Trisomy 13, also known as Patau's syndrome, is a change in the chromosomes in which chromosome 13 is present three times instead of two times. The disease is associated with malformations of several internal organs and in many cases can be diagnosed before birth. Children born with trisomy 13 rarely live to be older than six months. Trisomy 13 occurs in about 1 in 10,000 children.
Read more on the subject at: Chromosome aberration - what is it?
causes
In the vast majority of cases, the cause of trisomy 13 is a fault in the egg cells or sperm cells. These cells normally have half a chromosome set with 23 chromosomes. During the subsequent fertilization, the union of the egg cell and the sperm then creates a cell with a whole set of chromosomes, i.e. 46 chromosomes.
Read more on the subject at: Chromosomes - structure, function & diseases
In trisomy 13 there is an error in the separation of the chromosomes in the egg or sperm cells, so that chromosome 13 is present twice. Accordingly, after fertilization, chromosome 13 is present in triplicate. One speaks of a trisomy.
An exact cause for this error in the distribution of the chromosomes has not yet been established. One possible risk factor is the older mother's age at fertilization.
Diagnosis before birth
In most cases, trisomy 13 can be diagnosed before birth as part of prenatal care. During the ultrasound examination, the so-called neck fold measurement is carried out as standard. The neck fold is a build-up of fluid under the skin in the neck area in the unborn child. From a thickness of around 3mm, this is referred to as thickened. A thickened crease in the neck can indicate a number of diseases such as trisomy 21, 18, and 13.
If this examination is noticeable, a series of further examinations follows. This includes an amniotic fluid test and a sample from the placenta. Child cells can be obtained from these samples for chromosome analysis. The chromosome analysis shows whether a trisomy is present or not.
Read more on the subject at: Genetic examination
In addition to the invasive examination methods mentioned above, which always carry the risk of a miscarriage, there are also non-invasive blood tests such as the Harmony test to detect a trisomy.
Read more on the subject at: Prenatal test
Concomitant symptoms
Since the neckfold measurement is usually carried out in the 10th to 14th week of pregnancy, there are usually no symptoms or signs that the pregnant woman might notice before the diagnosis is made.

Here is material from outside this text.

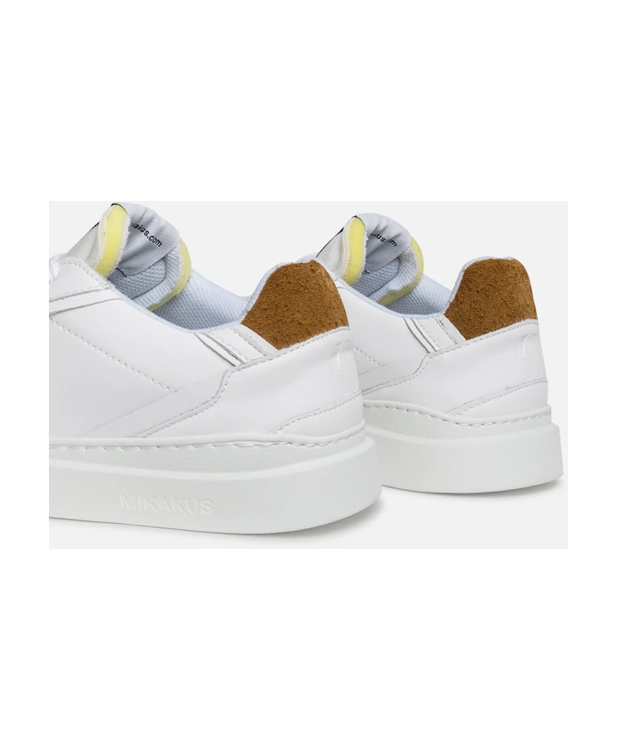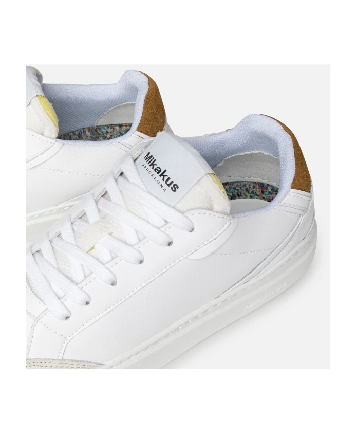 Классическая и культовая модель Krona от Mikakus Barcelona возвращается в этом сезоне в варианте Krona Pure White. Изготовленные из высококачественной белой кожи и серой ткани, они украшены вставками из замши песочного цвета на пятке, контрастирующими с фирменным цветом сезона. Модель имеет резиновую подошву типа «чашечка» и стельку из переработанных материалов, сочетая комфорт и стиль, создавая вневременные кроссовки.

If trisomy 13 remains undetected, symptoms only arise after birth due to the malformation of the internal organs, the skeletal system and the central nervous system.
Treatment / therapy
There is no treatment for trisomy 13 before birth. After the birth, there are a number of options to ensure the best possible care for the child. Even so, the prognosis for a child with trisomy 13 is very poor.
Forecast / duration
The prognosis for a child with trisomy 13 is poor. The majority of children die in utero and a further proportion die in the first month of life. Only a very small proportion of children live to be over six months despite treatment.